Unit-Linked Insurance Plan (ULIPs)

In all the above plans you don't have any option to select where you want to invest your money. For securing your capital most of these plans invest in debts, whereas Unit-linked insurance plan (ULIP) provides complete authority to you in choosing the best way to invest your money which you can invest in debt and equity as well. If you want to switch the current investment method, then you can do the same easily. Those who have good knowledge about the stock market can understand this easily.

ULIPs is basically a financial tool that offers insurance cover and allow you take advanatge of wealth creation.The double benefit of protection combined with freedom to choose your investment avenue makes ULIPs a truly popular financial instrument among customers.

Why you Should Buy ULIPs

A ULIP provides investors with a number of advantages, which are listed below:

  • Flexible: ULIPs come out with the option of switching funds as per your choice. Investors has the option of investing their hard earned money in equity or debt funds that completely depend upon your risk appetite and market situations.

  • Risk appetite: It allows the investors to choose among different available options as per their risk appetite. Those investors who do not want to invest big or don't want to carry any risk associated with market should go for debt funds and those who are willing to take a higher risk can opt for equity funds.

  • Tax benefits: Like other insurance products, it also come along with the option of tax benefits. However this tax benefit that directly linked to the form of ULIP invested, as equity funds could be taxed 15% under certain conditions.

  • Low charges: ULIPs do not have high charges associated with them. IRDA has put the limits on annual charge on ULIPs at 2-2.25% p.a. for the initial 10 years, with the charges on par with those of mutual funds.

  • Long term investment: ULIPs are a long term investment option that occur because of increased lock-in period that also reap bigger returns.

How Do ULIPs Work?

A ULIP or a Unit Linked Insurance Plan is a financial s a financial tool tat offers the needful risk cover as well as investment options for the insured. ULIPs also allow customers to invest in stocks, bonds or mutual funds. The insured can choose the investment type based on his risk appetite as all option guarantee returns.

Initially, ULIPs was not an ideal tool as it didnt offer assure retursn and primarily focus on long term wealth generation product.
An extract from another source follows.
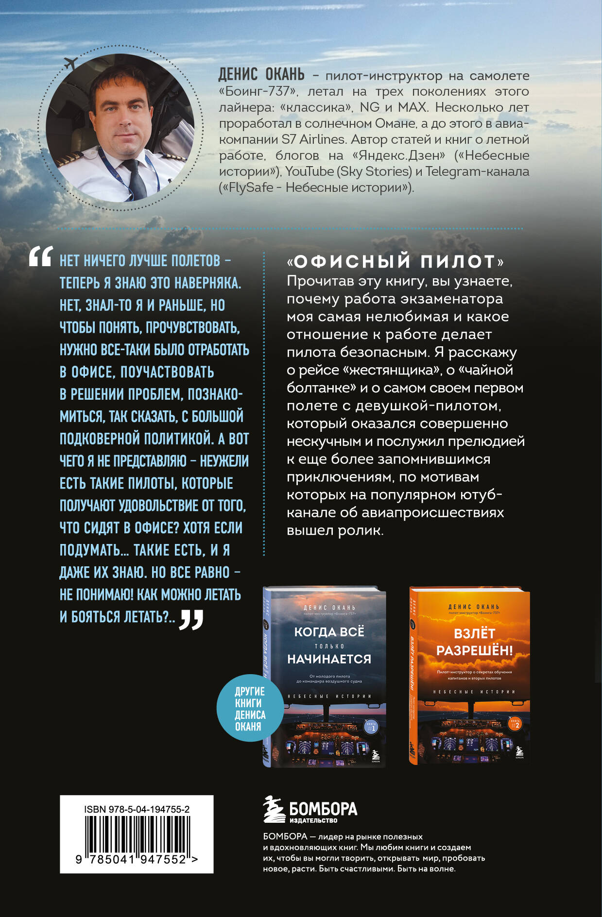 Каждый день по всему миру самолеты гражданской авиации совершают пару сотен тысяч взлетов и посадок. Двадцать четыре часа в сутки, семь дней в неделю и триста шестьдесят пять дней в году тысячи лайнеров покидают твердую земную поверхность, чтобы через некоторое время вернуться обратно, соединив при этом города, страны и судьбы. ДЕНИС ОКАНЬ, пилот-инструктор гражданской авиации, написал третью книгу о главном деле своей жизни. Его первая книга «КОГДА ВСЕ ТОЛЬКО НАЧИНАЕТСЯ» - это история о самых первых шагах в профессии пилота. В книге Денис вспоминает учебу в Бугурусланском летном училище, Академии гражданской авиации г. Санкт-Петербурга и учебном центре United Airlines в США, свои первые шаги в освоении самолетов Ан-2, Ту-154, Боинга 737 и, конечно, памятные рейсы, случившиеся в начале его летной карьеры. Делится тонкостями летного дела и вспоминает путь, который он проделал от неопытного пилота до командира воздушного судна. Вы узнаете, чему учатся пилоты и как готовятся к выполнению поставленных задач, как выполняются полеты по реальным маршрутам в различных погодных условиях, как справляются с нестандартными ситуациями, и многое другое о буднях гражданской авиации. Во второй книге «ВЗЛЕТ РАЗРЕШЕН» Денис Окань вместе с читателями совершает захватывающие рейсы. Он рассказывает об устройстве самолета, вспоминает курьезные случаи из практики и делится своей любовью к этой профессии. Как проходят полеты в туман, дождь или грозу? Что кроме непростых погодных условий может усложнить рейс? Почему так важна роль капитана в полете и какие правила существуют в экипаже? Что такое предполетная подготовка и что в нее входит? Как инструктируют будущих пилотов? Вы побываете в сложных рейсах, в разных городах и аэропортах, увидите, как работает экипаж самолета, как совершаются сложные посадки, управление самолетом в непогоду и многое другое. Рассказы Дениса Оканя перенесут вас высоко в небо и даже позволят почувствовать себя помощником пилота.| Издательство | ООО "Издательство "Эксмо" |
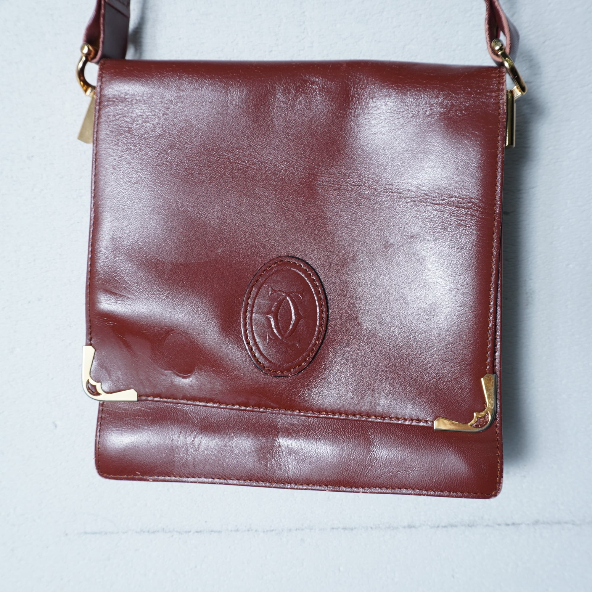 【Cartier】カルティエ マストライン レザーショルダーバッグ bordeaux

Nowadays, however, almost all ULIPs offer investors assured returns of double or more their initial investment.

When someone invest money in ULIPs, the insurance company divides the amount between equity markets (shares, bonds etc.) and online life insurance plans.

The investments are managed by fund managers from the insurance company, taking away the need to track the investments.

ULIPs allow the investors to invest in multiple options, ranging from low-risk to high-risk as the case may be.

ULIPs also allow the policyholder to switch between their investments, allowing them to maximise their gains when market conditions are conducive.

Features/Benefits of ULIP

ULIPs offer incredible features and benefits to customers and hence are great investment tools especially in today's fast-paced world where returns matter as much as security. Here are a few highlighting features of unit linked insurance plans that make these instruments stand out among a host of investment options.

Flexibility: ULIP schemes offer flexibility that is not just applicable to one aspect of the policy but is comprehensive in nature.